Six years ago, artist Keegan Hall posted an image of one of his pencil sketches on Reddit. The drawing, which depicts Michael Jordan’s iconic free-throw dunk from the 1988 NBA Slam Dunk Contest, went viral, thanks to the fine grainy detail Hall captured with the tip of a mechanical pencil. “Those hundreds of little faces, all done perfectly,” commented one Reddit user, speaking for the more than 280,000 users who have since upvoted Hall’s post. “This is probably one of the most impressive drawings I’ve seen.”
His Airness himself saw this piece and was so taken with it that he commissioned Hall to make another drawing of it. When Hall finished that job, Jordan invited Hall to Jordan’s South Florida golf club. Grove XXIIIto deliver the piece to MJ himself.
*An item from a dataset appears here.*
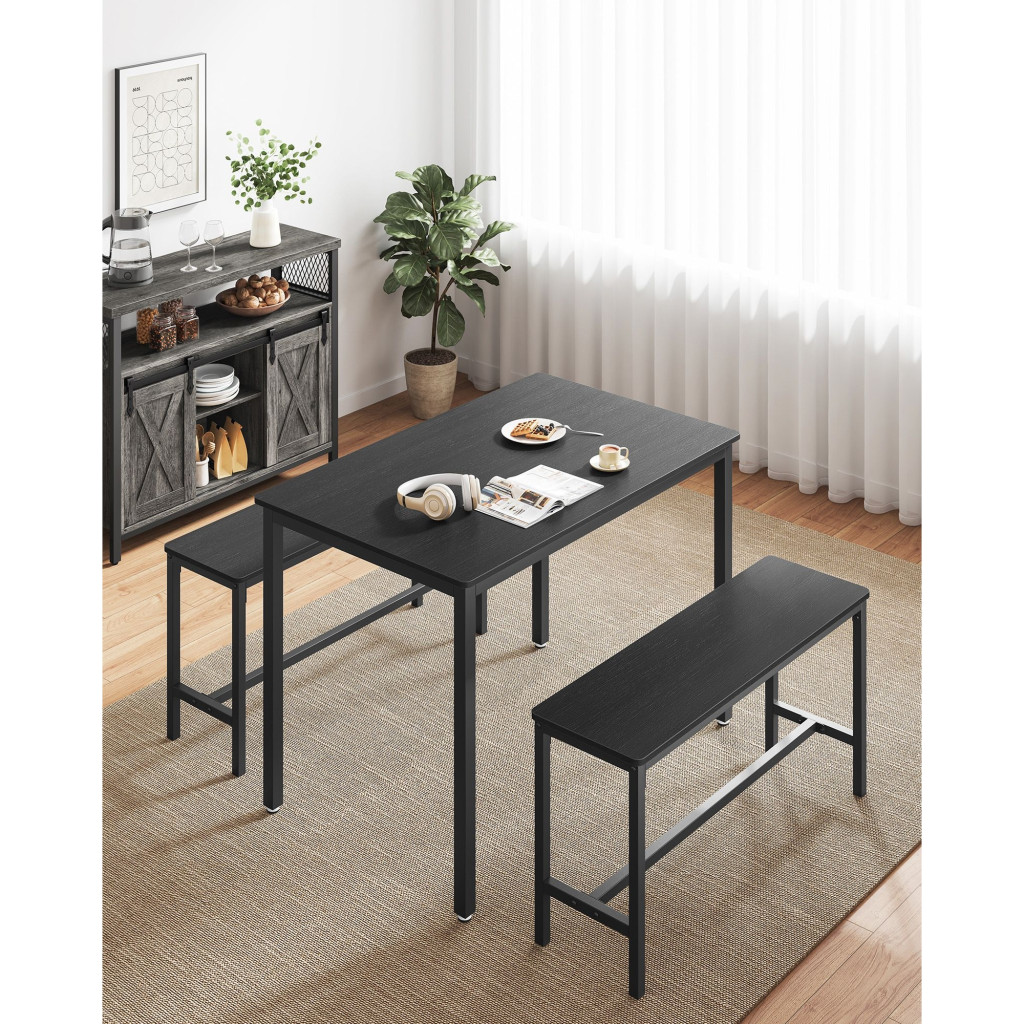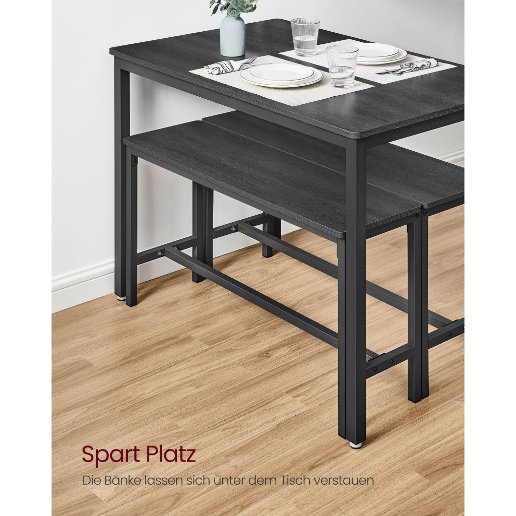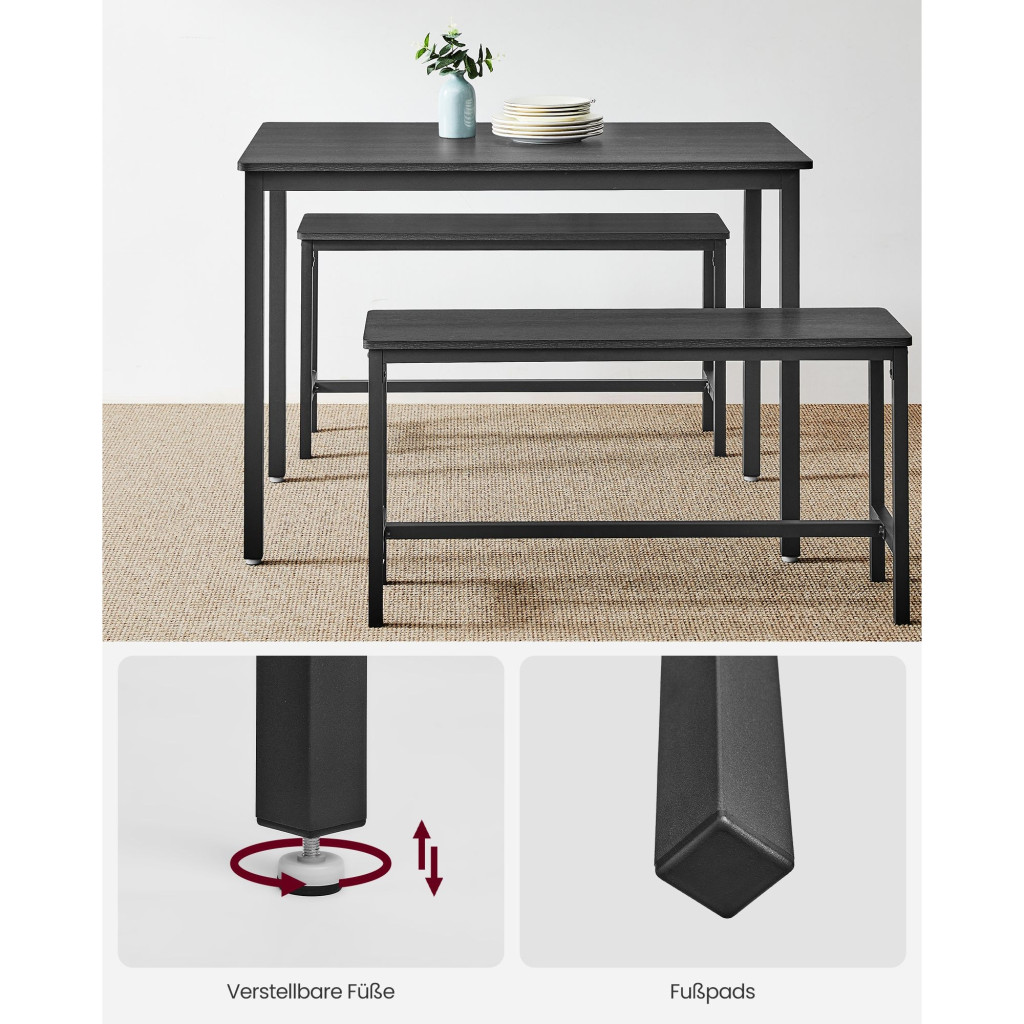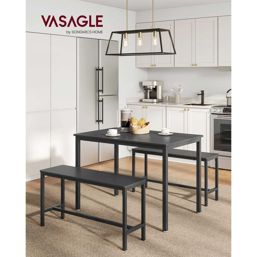 VASAGLE VASAGLE étkezőasztal 2 paddal, 3 darabos szett, konyhaasztal 70 x 110 x 75 cm, 2 pad mindegyik 30 x 97 x 50 cm, acélkeret, hamufekete tinta fekete KDT070B21

The meeting went well. So well that it led to an introduction by Jordan’s team to another global superstar based in South Florida: Rory McIlroy. The golfer had seen Jordan’s drawing and wanted a piece of his from Hall. Before long, Hall began working on a reproduction of a photo of McIlroy and his childhood friend, Harry Diamond, on a green at Congaree Golf Club in South Carolina, where McIlroy won the 2022 CJ Cup. McIlroy was impressed with the result, so when a few years later – in April 2025 – he completed his Grand Slam career with an emotional victory in Augusta NationalMcIlroy didn’t need to think long or hard about how he would commemorate this moment. Hall was his son.
“As we were trying to figure out what was the right image to do for this project, there were a few that were a little closer to it that would be easier for me to draw,” Hall told me earlier this week outside Augusta National’s clubhouse. “But they wanted this really wide angle, which is the hardest version possible. So we ended up with that.”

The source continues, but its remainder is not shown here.